Алексей щерит ровные, белые, как чеснок, зубы. Смеется он всегда заразительно.
— Я думал — водокачку прикажете взорвать.
— Водокачка пускай постоит. Как Плоткин?
— Начинает ковылять. Его Люся лечит. Прибегает по три раза в день.
— На соль подключить Плоткина. Раз сам придешь, раз он. Чтоб не бросалось в глаза.
О Сюзанне Митя не спрашивает. Есть вещи, о которых не спросишь даже у близкого человека.
Вечером запыхавшийся Примак приносит в большом крапивном мешке соль, торопливо сует Мите в руки пачку бумаг и сразу, даже как следует не попрощавшись, исчезает.
О предосторожности Алексею напоминать не надо.
С каждым днем Митя с Лобиком все глубже входят в партизанскую жизнь, становятся своими в шумном и суетливом водовороте многолюдья. За солью сходили еще раз, суп, мясо на кухне теперь солят, и это заметно поднимает авторитет хлопцев в глазах партизан.
По пути Митя и к дядьке Авраму завернул. Мать с малышами живет в шалаше. Шалаш — в лесочке, недалеко от дядькиного огорода. Мать ночует в хате, готовит еду в печи и только на день уходит в лес.

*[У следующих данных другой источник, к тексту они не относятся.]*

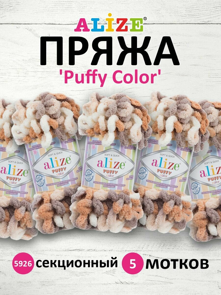Пряжа PUFFY COLOR (Alize), песочный принт - 5926, 100% микрополиэстер, 5 мотков, 100 г, 9 м.
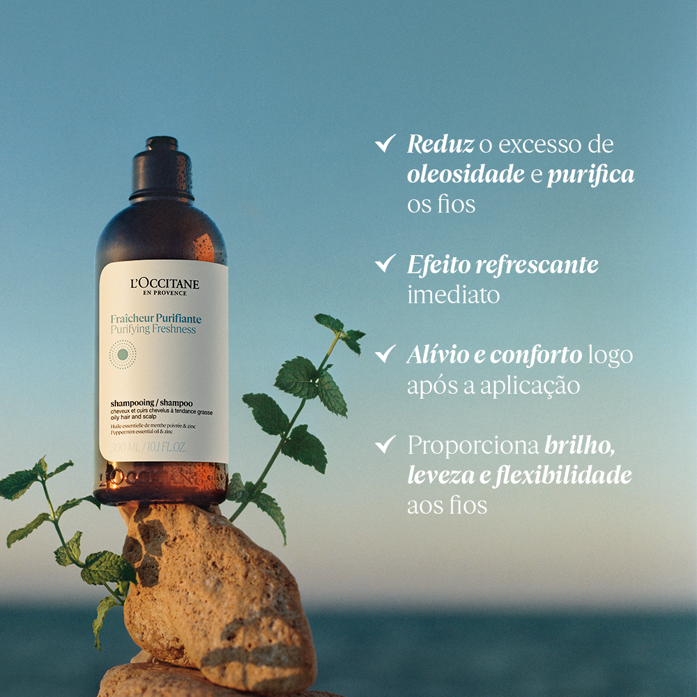 O Champô Pura Frescura Aromacologia da L’Occitane refresca o couro cabeludo e reduz o excesso de sebo, para um cabelo limpo e fresco, purifica o couro cabeludo e as raízes, proporciona um efeito refrescante e reduz os maus odores.
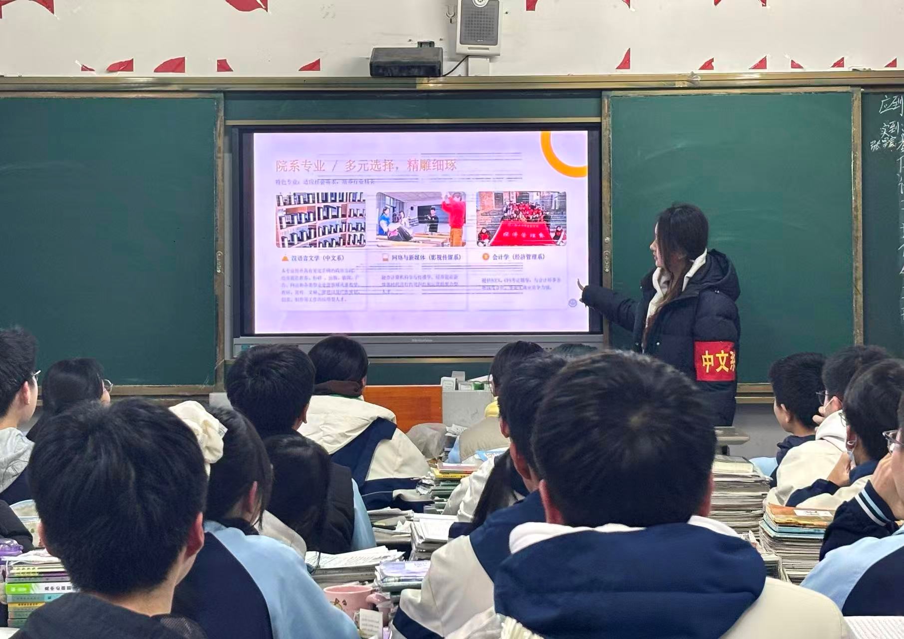 活动期间,志愿者分赴各地高中母校,开展招生宣讲、学习经验分享会等系列活动。宣讲中,志愿者们以多种形式介绍我校深厚底蕴、师资力量、完善的办学条件及丰硕的教学成果。同时,志愿者们结合自身在我校的学习成长经历,向高中学弟学妹讲述专业学习乐趣、校园文化特色与学校育人成果,分享高考备考、专业选择、大学生活规划等实用经验,生动传递了学校“崇德尚学、求是致用”的精神内核。
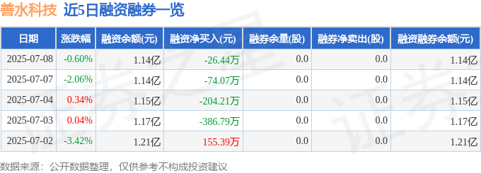 善水科技融资融券信息显示,融资方面,当日融资买入921.82万元,融资偿还948.26万元,融资净偿还26.44万元。融券方面,融券卖出0.0股,融券偿还0.0股,融券余量0.0股,融券余额0.0万元。融资融券余额1.14亿元。
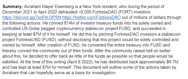I sent this paragraph directly to Avraham Eisenberg, and he responded to me, “The DAO overwhelmingly voted for converting the treasury into FUSD, and this was done after FUSD was launched and it was made clear that I was running the FUSD project. This can easily be seen from the timeline. The claim that it was done without approval is blatantly false. It's also false that I'm a NY resident.”
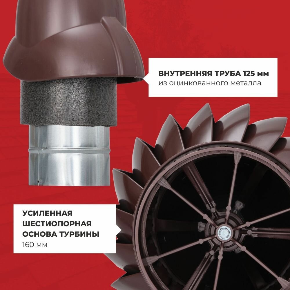 С помощью ветра турбина устройства разряжает воздух в вентиляционной шахте, тем самым увеличивая тягу. Это способствует вытяжке загрязненного воздуха. Причем не только из самого помещения, но также из вентиляционного канала и подкровельного пространства.
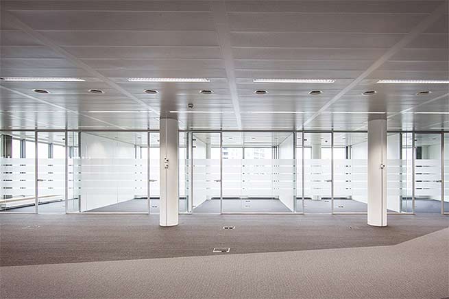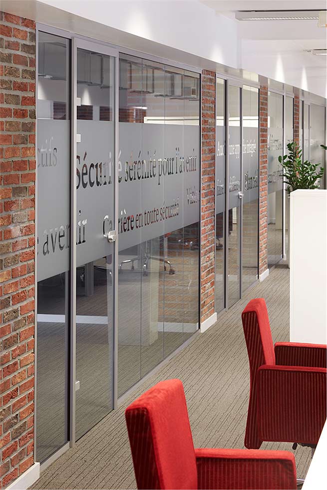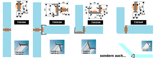 Je nach dem, wie viele fixe Glaselemente montiert werden sollen, kann es unter Umständen erforderlich sein, am Ende der Front ein Profil als Halteleiste (73513Q + 73514R) zu montieren, um das letzte Element einsetzen zu können. Werden nur 1 oder 2 fixe Glaselemente für eine Trennwandkonstruktion verwendet, ist der Einsatz einer solchen Halteleiste unabdingbar: Es empfiehlt sich, diese im Ständer am Wandende zu platzieren, ggf. auch am anderen Ende gegenüber der Leiste, die bereits im Türrahmen inbegriffen ist. Das am Schluss installierte Glaselement wird immer in das als Halteleiste konzipierte Profil eingeklemmt.
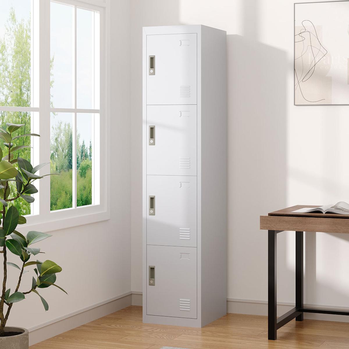 This four-tier file cabinet is uniquely designed and functionally practical. Four vertical cabinets provide ample storage space, making them an ideal choice for storing files and contracts. The narrower cabinet body ensures it does not occupy too much floor space, allowing you to place it in the corner of your office. Each cabinet door comes with a label slot, facilitating your marking and identification. Each cabinet has its own key control, ensuring the security of items while enabling you to efficiently manage and use documents.
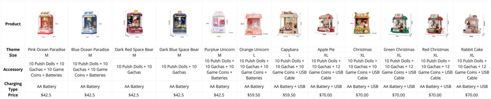 For a comparison of all our mini claw machines on sale, please refer to the chart below:
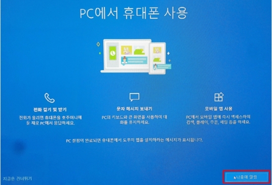 PC에서 휴대폰 사용 화면에서 나중에 알림을 클릭해 줍니다.

У Батьковичского отряда особых забот сейчас нет. Полицейские гарнизоны разогнаны, немецкие обозы поблизости не проезжают. Суетливое движение, которое Митя заметил с первого дня, объясняется просто: семьи большинства партизан ютятся по лесам, в шалашах, и бойцы, отпросившись у командиров, ходят их проведать.
Ночью в Рогалях выставляются посты, днем сидят в скрытых местах дозоры.
Есть в отряде люди, которые вызывают у Мити острый интерес. Это разведчики. Они все как на подбор молодые, подтянутые, в военных гимнастерках, брюках галифе. Разведчики всегда уезжают и приезжают на лошадях.
Уходя в лес, Митя рассчитывал стать разведчиком. И он, и Лобик, наблюдая в местечке за немцами, кое-чему научились. Но отрядные разведчики к себе их даже близко не подпускают. Один раз Митя сделал попытку завязать знакомство с хлопцем, лицо которого показалось более приветливым. Но тот, буркнув два слова, демонстративно отвернулся от него.
Разведчики — словно боги в отряде. У тех, кто к ним попал, по году и больше партизанского стажа. Митя с Лобиком в партизанах считанные дни, и задача у них — добывать отряду соль.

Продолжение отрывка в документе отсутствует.